Required action:
For each record, copy the text exactly and omit any picture it holds.

Material provided Block Start

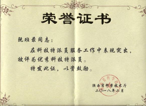 咸阳职院阮班录教授因近年来在农业技术推广方面的突出成绩,被认定为省级科技特派员,并获评“陕西省优秀科技特派员”。
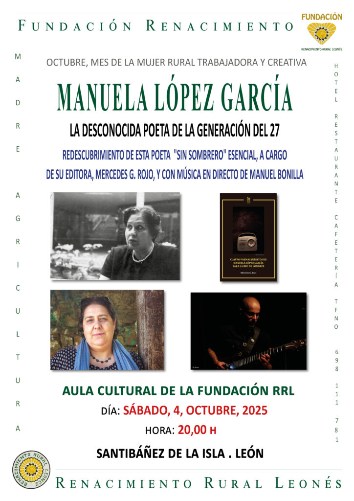 La primera protagonista será Manuela López García, poeta nacida en Cacabelos, coetánea de los grandes autores de la Generación del 27 y reconocida actualmente como una de las integrantes del grupo de creadoras conocido como “Las Sin Sombrero”, cuya obra comienza a ocupar el lugar que merece dentro de la historia literaria.
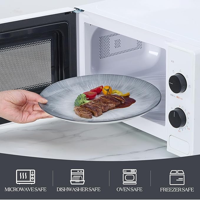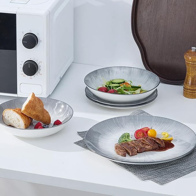 • A VERSATILE STYLE FOR MULTIPLE OCCASIONS - Modern and Stylish Porcelain dinnerware sets can match any kinds of table linen and suitable for dessert, salad, snack, appetizers, raw veggies, sushi, lunch, steak, bread & butter and any other goodies you want to showcase for any occasions or just for everyday use
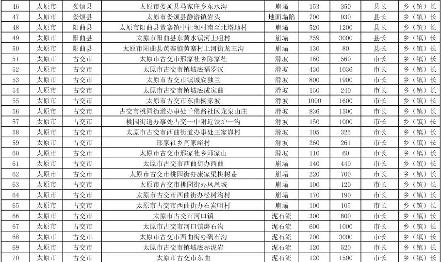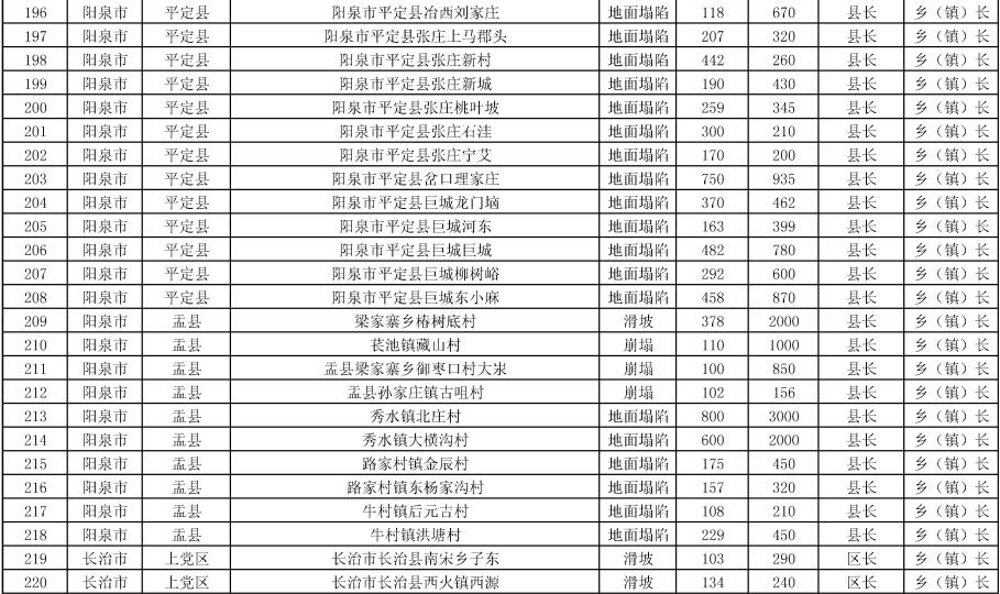 《方案》要求,強化治理搬遷,消除安全隱患。實施中央和省級資金安排9處地質(zhì)災害治理工程項目。其中,河津市、夏縣、石樓縣、臨縣、永和縣、鄉(xiāng)寧縣、榆社縣各1處,武鄉(xiāng)縣2處?!斗桨浮诽岢?,要把縣級配套資金落實到位,加快項目施工進度,確保今年全部竣工;要推進中央和省級資金安排3397戶農(nóng)村地質(zhì)災害避險搬遷工作,落實市縣配套資金,明確時間節(jié)點進度,確保年底全面開工,2024年竣工入住。
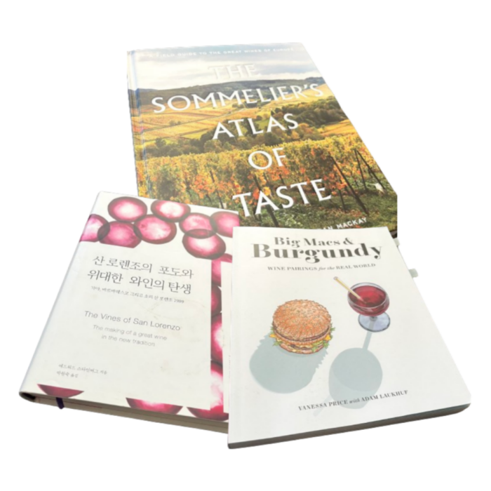 두 번째는 <더 소믈리에즈 아틀라스 오브 테이스트(The Sommelier’s Atlas of Taste), 라자 파르 & 조던 맥케이>로 미국 산디(Sandhi)의 와인 메이커이자 세계적인 소믈리에가 쓴 책이다. 한국에서 열린 와인 테이스팅 행사이자 출판 기념회에서 받은 책인데 프랑스, 이탈리아, 오스트리아, 독일 그리고 스페인 와인 산지와 와인에 관한 저자의 시각이 고스란히 담겨 있다. 고백하지만 책을 다 읽지는 못했고 프랑스 섹션만 읽었는데 (번역서는 아직 없는 듯) 저자가 도멘 듀작(Domaine Dujac)의 수장인 제레미 세스(Jeremy Seysses)와 만나 나눈 떼루아에 관한 이야기가 아주 흥미롭다. 토양 말고도 간과하고 있는 기후와 날씨, 그러한 기후를 갖게 된 배경과 지역마다 무엇이 달라지는지 알고 나니 와인도 많이 다르겠구나 싶다. 또, 중간에 “Questions of Taste”에서 평소 궁금했던 사항에 관해 답변을 해주는데 꽤 유익하다.
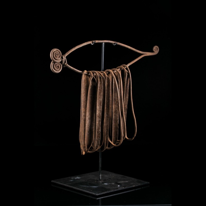 beaucoup sont en fer noir, métal particulièrement recherché. Il s'agit d'un type de monnaie nommé « gond ». Lors des cérémonies, leurs possesseurs les agitaient afin de conclure la
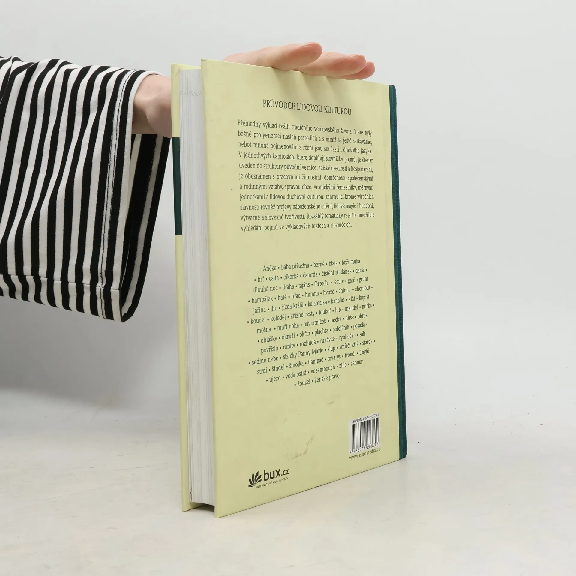 Přehledný výklad reálií tradičního venkovského života, které byly běžné pro generaci našich prarodičů a s nimiž se i my ještě setkáváme. Mnohá pojmenování, slovní spojení a rčení jsou součástí i dnešního hovorového jazyka, ne vždy jim však jejich uživatelé dobře rozumí. V jednotlivých kapitolách, které doplňující slovníčky pojmů, je čtenář uveden do struktury původní vesnice, selské usedlosti a hospodaření, je obeznámen s pracovními činnostmi, bydlením, domácností, stravou, oděvem, společenskými a rodinnými vztahy, pozdravy, správou obce, vesnickými řemeslníky, měrnými jednotkami a lidovou duchovní kulturou, zahrnující vedle výročních slavností projevy náboženského cítění, lidové magie i hudební, výtvarné a slovesné tvořivosti. Funkčnost publikace podporují tematické rejstříky umožňující vyhledávání pojmů z výkladových textů i slovníčků.
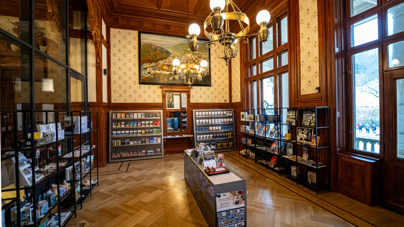 co prodáváme: Suvenýry pro malé i velké, mapy, průvodce, knihy, lázeňské pohárky, poštovní známky…
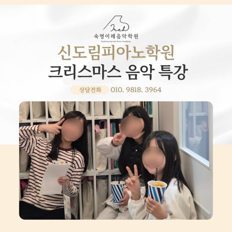 지난겨울 저희 신도림피아노학원에서 크리스마스 음악 특강을 진행하여 그 순간의 이야기를 함께 나누어보려고 하는데요. 이번 특강의 경우에는 아이들이 음악을 더욱 깊게 이해하고 즐길 수 있도록 준비한 특별한 시간이었다는 부분에서 더욱 의미가 있었던 시간이었답니다! 음악 상식 뮤직 마블 게임 이번 크리스마스 음악 특강의 핵심 프로그램 중 하나는 음악 상식을 재미있게 익히고 배울 수 있는 음악 상식 뮤직 마블 게임이었어요. 이 게임은 일반적으로 문제만 푸는 것이 아닌 아이들이 직접 움직이고 생각을 하면서 함께 할 수 있는 보드게임으로 진행을 하게 되었습니다. 이 보드게임은 시중에 판매되는 것이 아닌 저희 신도림 피아노....... <img src="https://blogthumb.pstatic.net/MjAyNjAyMjBfOTEg/MDAxNzcxNTczOTQ5MTgy.dPOU2NOmmiLvjQ0eMxiA2y9RUEVoodaMJspwlJ-K8-sg.jnhFBHohElabQPvCsI2cpIgsTQsNm5T15t13uLsaW-Yg.JPEG/%BD%E6%B3%D7%C0%CF_%BC%F7%B8%ED%C0%CC%B7%B9%C0%BD%BE%C7%C7%D0%BF%F8.jpg?type=s3" />
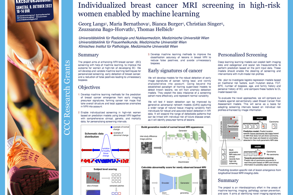 15 bis 20 Prozent der Brustkrebsfälle haben genetische Ursachen. Frauen, bei denen gewisse Mutationen nachgewiesen werden, haben ein 20-fach erhöhtes Risiko im Laufe ihres Lebens Brustkrebs zu entwickeln. Das Ziel der ForscherInnen um Langs ist es, Computerprogramme so zu trainieren, dass sie subtile Veränderungen des Gewebes besser erkennen und auch beurteilen können. Dafür entwickelt er unter anderem Algorithmen, die bei der Einschätzung helfen sollen, ob sich aus Anomalien im Gewebe, die im MRT sichtbar werden, Brustkrebs entwickeln könnte. Damit würde eine individualisierte Risikoabschätzung möglich werden.

Material provided Block End

Your solution:
 咸阳职院阮班录教授因近年来在农业技术推广方面的突出成绩,被认定为省级科技特派员,并获评“陕西省优秀科技特派员”。
 La primera protagonista será Manuela López García, poeta nacida en Cacabelos, coetánea de los grandes autores de la Generación del 27 y reconocida actualmente como una de las integrantes del grupo de creadoras conocido como “Las Sin Sombrero”, cuya obra comienza a ocupar el lugar que merece dentro de la historia literaria.
 • A VERSATILE STYLE FOR MULTIPLE OCCASIONS - Modern and Stylish Porcelain dinnerware sets can match any kinds of table linen and suitable for dessert, salad, snack, appetizers, raw veggies, sushi, lunch, steak, bread & butter and any other goodies you want to showcase for any occasions or just for everyday use
 《方案》要求,強化治理搬遷,消除安全隱患。實施中央和省級資金安排9處地質(zhì)災害治理工程項目。其中,河津市、夏縣、石樓縣、臨縣、永和縣、鄉(xiāng)寧縣、榆社縣各1處,武鄉(xiāng)縣2處?!斗桨浮诽岢?,要把縣級配套資金落實到位,加快項目施工進度,確保今年全部竣工;要推進中央和省級資金安排3397戶農(nóng)村地質(zhì)災害避險搬遷工作,落實市縣配套資金,明確時間節(jié)點進度,確保年底全面開工,2024年竣工入住。
 두 번째는 <더 소믈리에즈 아틀라스 오브 테이스트(The Sommelier’s Atlas of Taste), 라자 파르 & 조던 맥케이>로 미국 산디(Sandhi)의 와인 메이커이자 세계적인 소믈리에가 쓴 책이다. 한국에서 열린 와인 테이스팅 행사이자 출판 기념회에서 받은 책인데 프랑스, 이탈리아, 오스트리아, 독일 그리고 스페인 와인 산지와 와인에 관한 저자의 시각이 고스란히 담겨 있다. 고백하지만 책을 다 읽지는 못했고 프랑스 섹션만 읽었는데 (번역서는 아직 없는 듯) 저자가 도멘 듀작(Domaine Dujac)의 수장인 제레미 세스(Jeremy Seysses)와 만나 나눈 떼루아에 관한 이야기가 아주 흥미롭다. 토양 말고도 간과하고 있는 기후와 날씨, 그러한 기후를 갖게 된 배경과 지역마다 무엇이 달라지는지 알고 나니 와인도 많이 다르겠구나 싶다. 또, 중간에 “Questions of Taste”에서 평소 궁금했던 사항에 관해 답변을 해주는데 꽤 유익하다.
 beaucoup sont en fer noir, métal particulièrement recherché. Il s'agit d'un type de monnaie nommé « gond ». Lors des cérémonies, leurs possesseurs les agitaient afin de conclure la
 Přehledný výklad reálií tradičního venkovského života, které byly běžné pro generaci našich prarodičů a s nimiž se i my ještě setkáváme. Mnohá pojmenování, slovní spojení a rčení jsou součástí i dnešního hovorového jazyka, ne vždy jim však jejich uživatelé dobře rozumí. V jednotlivých kapitolách, které doplňující slovníčky pojmů, je čtenář uveden do struktury původní vesnice, selské usedlosti a hospodaření, je obeznámen s pracovními činnostmi, bydlením, domácností, stravou, oděvem, společenskými a rodinnými vztahy, pozdravy, správou obce, vesnickými řemeslníky, měrnými jednotkami a lidovou duchovní kulturou, zahrnující vedle výročních slavností projevy náboženského cítění, lidové magie i hudební, výtvarné a slovesné tvořivosti. Funkčnost publikace podporují tematické rejstříky umožňující vyhledávání pojmů z výkladových textů i slovníčků.
 co prodáváme: Suvenýry pro malé i velké, mapy, průvodce, knihy, lázeňské pohárky, poštovní známky…
 지난겨울 저희 신도림피아노학원에서 크리스마스 음악 특강을 진행하여 그 순간의 이야기를 함께 나누어보려고 하는데요. 이번 특강의 경우에는 아이들이 음악을 더욱 깊게 이해하고 즐길 수 있도록 준비한 특별한 시간이었다는 부분에서 더욱 의미가 있었던 시간이었답니다! 음악 상식 뮤직 마블 게임 이번 크리스마스 음악 특강의 핵심 프로그램 중 하나는 음악 상식을 재미있게 익히고 배울 수 있는 음악 상식 뮤직 마블 게임이었어요. 이 게임은 일반적으로 문제만 푸는 것이 아닌 아이들이 직접 움직이고 생각을 하면서 함께 할 수 있는 보드게임으로 진행을 하게 되었습니다. 이 보드게임은 시중에 판매되는 것이 아닌 저희 신도림 피아노....... <img src="https://blogthumb.pstatic.net/MjAyNjAyMjBfOTEg/MDAxNzcxNTczOTQ5MTgy.dPOU2NOmmiLvjQ0eMxiA2y9RUEVoodaMJspwlJ-K8-sg.jnhFBHohElabQPvCsI2cpIgsTQsNm5T15t13uLsaW-Yg.JPEG/%BD%E6%B3%D7%C0%CF_%BC%F7%B8%ED%C0%CC%B7%B9%C0%BD%BE%C7%C7%D0%BF%F8.jpg?type=s3" />
 15 bis 20 Prozent der Brustkrebsfälle haben genetische Ursachen. Frauen, bei denen gewisse Mutationen nachgewiesen werden, haben ein 20-fach erhöhtes Risiko im Laufe ihres Lebens Brustkrebs zu entwickeln. Das Ziel der ForscherInnen um Langs ist es, Computerprogramme so zu trainieren, dass sie subtile Veränderungen des Gewebes besser erkennen und auch beurteilen können. Dafür entwickelt er unter anderem Algorithmen, die bei der Einschätzung helfen sollen, ob sich aus Anomalien im Gewebe, die im MRT sichtbar werden, Brustkrebs entwickeln könnte. Damit würde eine individualisierte Risikoabschätzung möglich werden.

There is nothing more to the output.